The Right Time to Pitch and Why

Uncategorized Aug 26, 2025

Too many non-profits fail at corporate partnerships because they pitch at the wrong time. Along with readiness, success comes down to pitching to the right person, at the right company, with the right offer - and at the right time.

Readiness is crucial and easy to identify with our free Readiness Q&A. Right person, right company, right offer - we teach that in BePartnerReady.com®. But timing? That’s trickier, because the right time to approach corporate prospects is influenced less by when you’re ready and more by when the market is ready.

Here’s the thing: you’re approaching a corporate, company, or brand for a partnership, and part of that exchange is money. You want to be in front of them when they’re planning how to spend their budget to fulfil objectives - when they’re receptive to new partnerships. Pitch too late, and the money’s gone. Pitch too early, and they’re not even thinking about it.

Having worked with corporates for 30 years and built over 50 partnerships for major companies like News Ltd, Disney, Vodafone, and Seek, I’ve learned what motivates them to invest and, more importantly, when they have the strongest appetite to invest.

Here’s what I’ve discovered:

  • About 70% of corporates and companies operating in Australia (including their brands) follow a July–June financial year. They plan how to invest their budget about 3–4 months before the start of the financial year, so February/March. April and May are often too late, and January is hopeless because people are still on holidays or facing overwhelming inboxes.  These companies tend to be Australian public or private companies. Therefore February/March is the ideal time to pitch
  • About 20% of corporates and companies follow a December-January financial year, meaning their planning window is roughly August/September. Later approaches are ineffective as staff wind down towards year-end and the Christmas break. These tend to be the global companies with HQs in USA, Europe or Asia. Therefore August/September is the ideal time to pitch
  • The remaining 10% operate outside these two primary cycles. Commonly British companies on an October–September year, and in Aotearoa (NZ), around ¼ of companies run on a March–February cycle. Therefore the ideal time to pitch would be May/June and August/Sept respectively (excluding the dead months of Dec/Jan)
  • These windows are consistent whether the company is investing from the marketing, CSR or HR purse, The Philanthropic Purse, however, can be a little different. Corporate foundations (I’ve worked with Vodafone, Mondelez, and Westpac Foundations) may follow pre-set rounds of investment or grants, often twice a year or quarterly. The good news: philanthropic teams are usually more communicative about funding windows, publishing application deadlines on their websites and through email alerts.

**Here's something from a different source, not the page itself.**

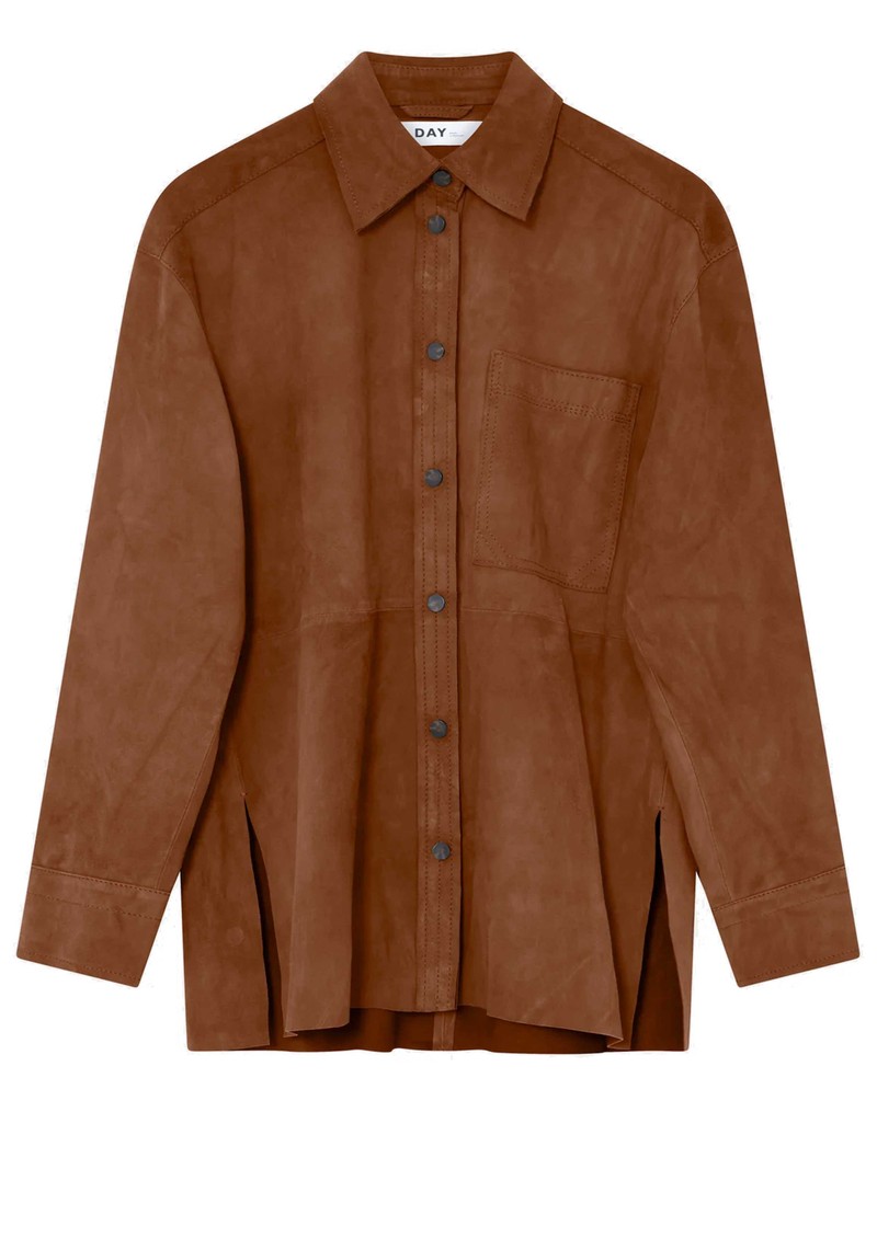 The Day Birger et Mikkelsen Birger Andreas Shirt in Caramel Café is a luxurious suede button-up featuring a pointed collar, central snap button closure, and a front patch pocket. With side slits, an unlined interior, and an oversized fit, it combines effortless style with a relaxed, contemporary silhouette.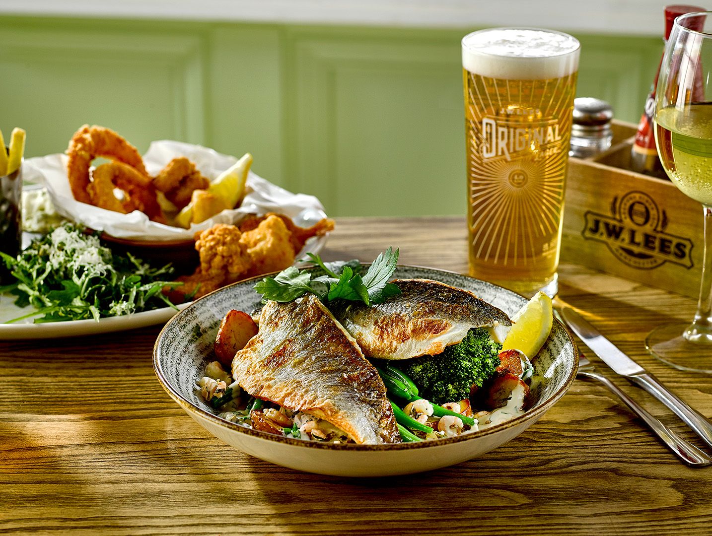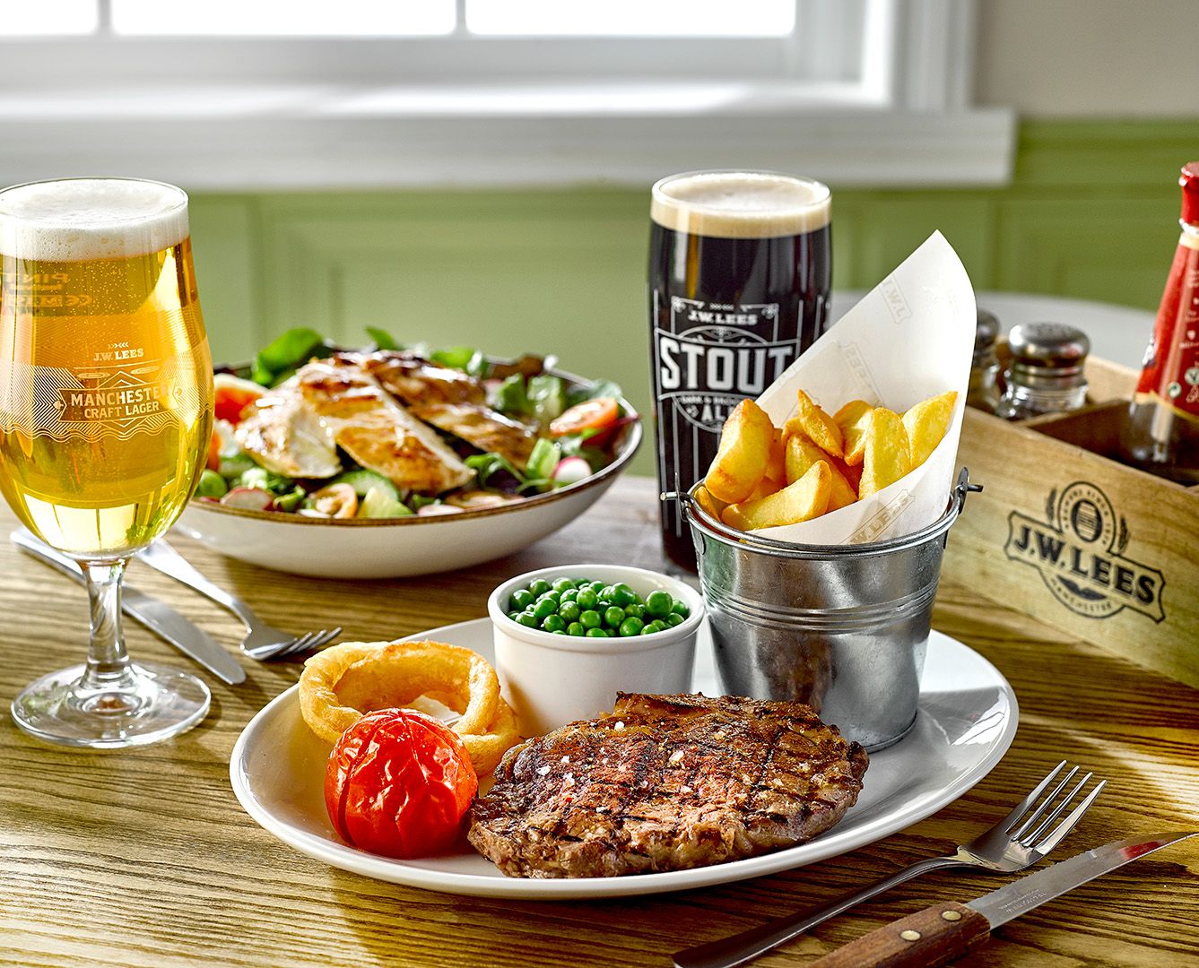 Pull up a chair with our new Spring dishes in Timperley. Proper tasty pub grub for warm days and cold pints with friends and family. Made for pairing with our Manchester-made beers, our spring and summer dishes include new seasonal salads, fish dishes, succulent grills and more. Not forgetting your pub favourites like our legendary cheese & onion pie, John Willie’s beer battered fish and the iconic Brewery tower burger (none are bigger).

If you’d like to learn more about the 4 purses of investment and the purse holders – Philanthropic, HR, Marketing & CSR – download our free infographic.

Rule of thumb: pitch 3–4 months before the start of your prospects’ financial year (skip December and January as both are dead months when everyone is in Zombie mode!). Discovering their financial year is a crucial part of researching prospects (and yes, we provide a Template for that in our program!).

Why do non-profits fail to do this? Often, they’re driven by internal needs rather than the corporate mindset. Common mistakes include:

  1. Board pressure: “We need more corporate partners!”. Staff scramble without preparation, strategy, or regard for whether corporates are even listening. Timing dictated by governance, not market.
  2. Plugging budget holes: A grant falls through or fundraising dips, triggering a rush to “get a sponsor.” Corporates can sense desperation, and reactive timing rarely aligns with their planning.
  3. Last-minute event rescue: A sponsor pulls out just before an event, prompting frantic, ill-timed pitches.
  4. New team members: Pressure to “make their mark” can lead to rushed approaches met with closed door or silence

The danger of going at the wrong time is three-fold: people become demotivated and adopt a scarcity mindset, organisations wrongly decide corporate partnerships isn’t a lucrative strategy for them, and charity reputations suffer when corporates see unprofessional, poorly timed approaches.

The right time to pitch is when the corporate is discussing and planning their budget for the following year. Pitch any other time, and even the best offer may be ignored. At best you may get leftover crumbs. If it’s a transformative partnership you’re aiming for, pitch at the right time - you deserve so much more than crumbs.